Summer of 85(2020年製作の映画)
5.0

このレビューはネタバレを含みます

真夏の海の水面の反射を直視出来ずに薄目で眺めるような、そんな印象の映画。
少年と青春の輝きや鮮やかさ、愛おしさがあり、余りにも眩しくて美しいのに、その美しさが苦しくて直視出来なかった。

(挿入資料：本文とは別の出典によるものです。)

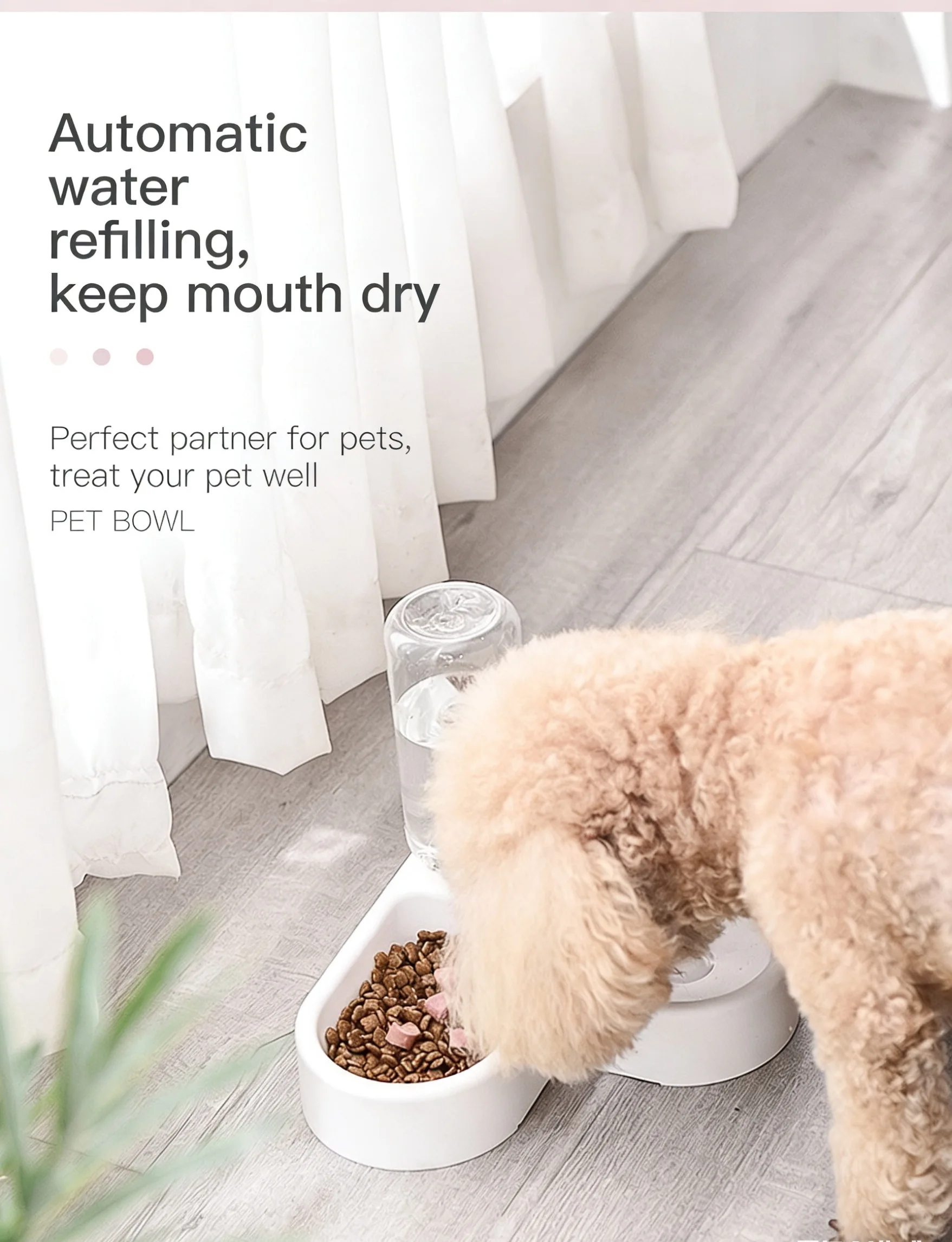 The gravity-fed water bottle (500ml capacity) continuously replenishes the water bowl, ensuring your pet has fresh water available all day without frequent refills.

まだ何者でもない少年アレックスの心情が、徹底的な一人称視点とフィルムの鮮やかな映像で描かれていた。
神々しいまでに美しいダヴィドと、終始寄り添うアレックスの未熟で可憐な笑顔。美しいはずのスクリーンには終始、不穏な影が潜む。
夢のように美しい青年に溺れたアレックスが彼に己の理想像を期待してしまうのは必然のように思えるし、実際私たちもその感覚に心当たりがあるはず。

美しくも苦々しい恋の果てに突然訪れる死。
全てを受け止めきれず、けど理解しようと必死になるアレックスの葛藤。アレックスの言葉にならない数々の衝動は徹底的な一人称視点の映像が物語り、自分自身の10代の感覚も呼び起こしてくれた。
手記という形で必死に自身と格闘する彼を見て、書くということは何と難しい事なのかと思った。結局こうして言語に表せることなんて思いのうちの数割にも満たなくて、何かを伝えるということの崇高さと儚さが身に染みた。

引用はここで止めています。